Expectations of Federal Reserve interest rate cuts intertwined with weak oil prices, CAD/USD maintains a volatile downward trend

2025-04-10 2194

Trump announced a 90 day suspension of tariffs on most economies, significantly reducing market risk aversion.

The strong rebound of the Nasdaq index and the return of market optimism have put pressure on the safe haven US dollar. Meanwhile, investors continue to expect the Federal Reserve to implement multiple interest rate cuts within 2025

Current market expectation: there may be a 75 basis point interest rate cut for the whole year; The latest FOMC meeting minutes indicate that officials are concerned about the inflationary pressure caused by Trump's tariffs, but tend to cautiously push for loose policies.

The US dollar bulls currently lack substantial support, and the market is waiting for the upcoming CPI data to be released as a basis for judgment, "market strategists pointed out.

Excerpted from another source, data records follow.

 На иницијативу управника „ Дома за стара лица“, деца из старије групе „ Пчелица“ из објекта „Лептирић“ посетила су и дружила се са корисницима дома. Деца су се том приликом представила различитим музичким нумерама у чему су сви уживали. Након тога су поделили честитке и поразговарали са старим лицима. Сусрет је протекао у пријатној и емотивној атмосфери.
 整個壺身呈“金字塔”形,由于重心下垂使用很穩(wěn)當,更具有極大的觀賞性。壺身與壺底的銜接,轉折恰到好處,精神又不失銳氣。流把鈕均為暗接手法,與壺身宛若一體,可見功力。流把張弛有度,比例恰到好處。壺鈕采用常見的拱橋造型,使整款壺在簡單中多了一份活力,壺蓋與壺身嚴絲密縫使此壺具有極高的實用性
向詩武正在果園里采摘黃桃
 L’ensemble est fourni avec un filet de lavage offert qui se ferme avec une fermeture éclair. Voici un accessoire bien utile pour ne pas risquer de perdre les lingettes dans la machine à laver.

WTI oil prices rose 4.65% on Wednesday, but fell back to $61.86 per barrel again on Thursday. As a commodity currency, the Canadian dollar's trend is highly correlated with oil prices. Although there has been a short-term rebound in oil prices recently, the expectation of OPEC+production increase and the unexpected growth of US crude oil inventories have suppressed its potential for sustained rebound

US EIA data shows that crude oil inventories increased by 2.6 million barrels last week, far exceeding market expectations of 1.4 million barrels; The Keystone oil pipeline leak incident did not significantly increase oil prices.

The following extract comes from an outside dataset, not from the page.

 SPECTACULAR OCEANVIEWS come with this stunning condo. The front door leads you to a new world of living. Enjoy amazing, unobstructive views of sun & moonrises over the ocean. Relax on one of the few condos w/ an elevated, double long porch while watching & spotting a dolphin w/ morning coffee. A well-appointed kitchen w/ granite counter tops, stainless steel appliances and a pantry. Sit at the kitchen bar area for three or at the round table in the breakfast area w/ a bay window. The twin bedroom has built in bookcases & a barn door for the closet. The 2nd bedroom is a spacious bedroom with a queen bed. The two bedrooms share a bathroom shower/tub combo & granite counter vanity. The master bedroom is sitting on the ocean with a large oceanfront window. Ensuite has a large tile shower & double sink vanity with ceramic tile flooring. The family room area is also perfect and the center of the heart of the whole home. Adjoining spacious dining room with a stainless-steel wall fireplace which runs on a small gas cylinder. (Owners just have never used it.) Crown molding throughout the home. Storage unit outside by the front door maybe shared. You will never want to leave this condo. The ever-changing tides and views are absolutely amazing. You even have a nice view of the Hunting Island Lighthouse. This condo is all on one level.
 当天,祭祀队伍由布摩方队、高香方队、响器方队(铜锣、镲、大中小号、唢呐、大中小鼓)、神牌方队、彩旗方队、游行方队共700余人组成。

Therefore, despite the weakness of the US dollar, the Canadian dollar also lacks strong upward momentum, resulting in a volatile downward trend of the US dollar against the Canadian dollar.

From a technical chart perspective, the rebound of the US dollar against the Canadian dollar is limited by the 100 day moving average (around 1.4300), and after several unsuccessful attempts to rise, it shows a downward channel.

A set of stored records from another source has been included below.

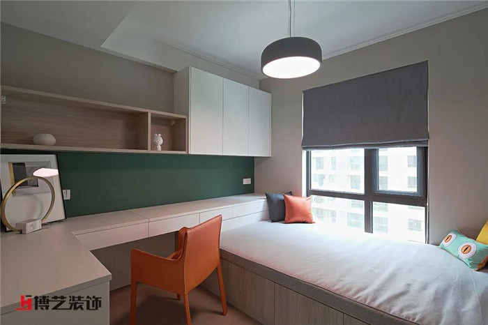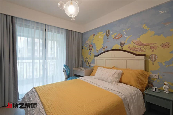 我们深知生活环境对于培养孩子的秩序性,自律性的重要性,所以我们着重在儿童房打造了睡眠区,学习区和储物区。而对于男孩子来说,太空遨游是每个男孩子的梦想,而大多数的创造力都来自孩子的好奇心和冒险精神,所以设计师选用了遨游太空的壁画,让冒险精神在孩子心理扎根,让孩子从小就萌发大胆尝试和探索的勇气。
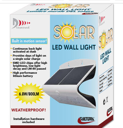 This outdoor solar powered porch light is 6.8W and 800 Lumens. This light is weatherproof and has a lithium battery. Use this outdoor light on the outside of your RV and campsite. It will provide you with lighting, safety and security. When fully charged it will stay on all night. It has a motion sensor from dim to bright. No wiring is required, takes only a minute of your time to install and includes the hardware you need.
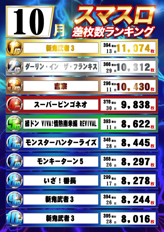 1位 11月6日(木) 2位 10月21日(火) 3位 10月20日(月)
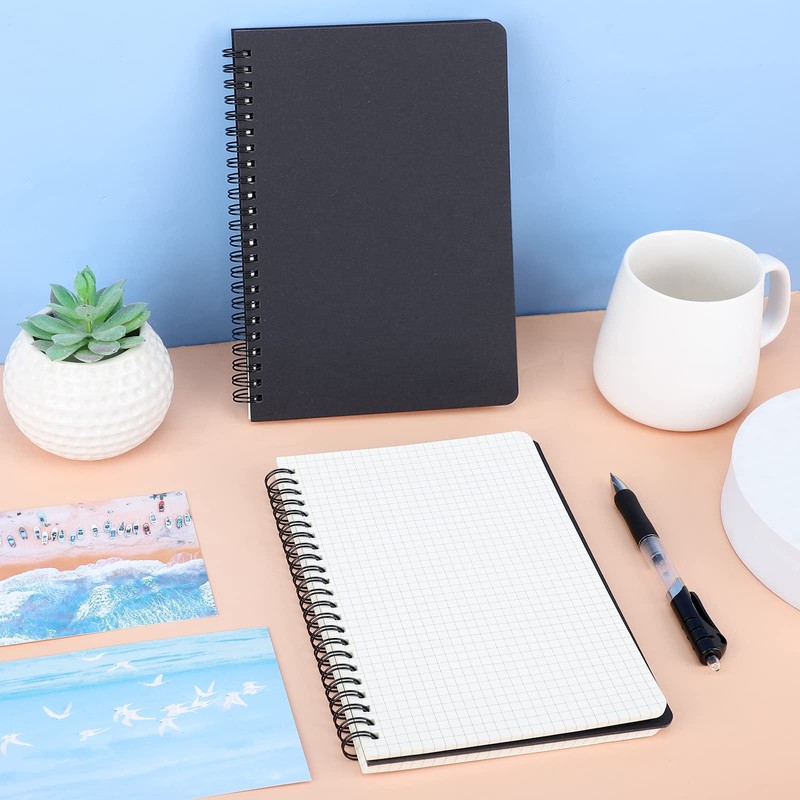 Yarotm Notebook A5 Squared - Pack of 2 Spiral Notebooks 14 x 21 cm - 100 g/m² Checked 5 x 5 mm Notepad A5 60 Sheets / 120 Pages Notebook A5 Spiral Bound - Black College Notepad Diary

Short term support range 1.4060-1.4055, resistance range 1.4175-1.4180: short-term key resistance; 1.4200-1.4300:100 daily moving average area, breakthrough requires fundamental support.

If the price remains consistently below 1.4000, the technical bearish force will further strengthen

Investors are closely monitoring the upcoming release of US March CPI and PPI data to determine whether it is necessary for the Federal Reserve to initiate interest rate cuts in June. If the data shows signs of slowing inflation, the US dollar may come under further pressure, and the USD/CAD is expected to test the support zone of 1.4000 or even below; On the contrary, if inflation is stronger than expected, it may trigger a technical rebound in the US dollar.

Editor's viewpoint:

At present, the trend of the US dollar against the Canadian dollar is in a stage of long short power game. On the one hand, the US dollar is under pressure due to expectations of interest rate cuts and improved risk sentiment, while on the other hand, the uncertainty of oil prices limits the overall strength of the Canadian dollar.

In the short term, the 1.4000 mark has become a key technical and psychological support, and if it falls below it, it will open up further adjustment space. Pay attention to the direction selection under the combined effect of this week's US inflation data and oil price fluctuations.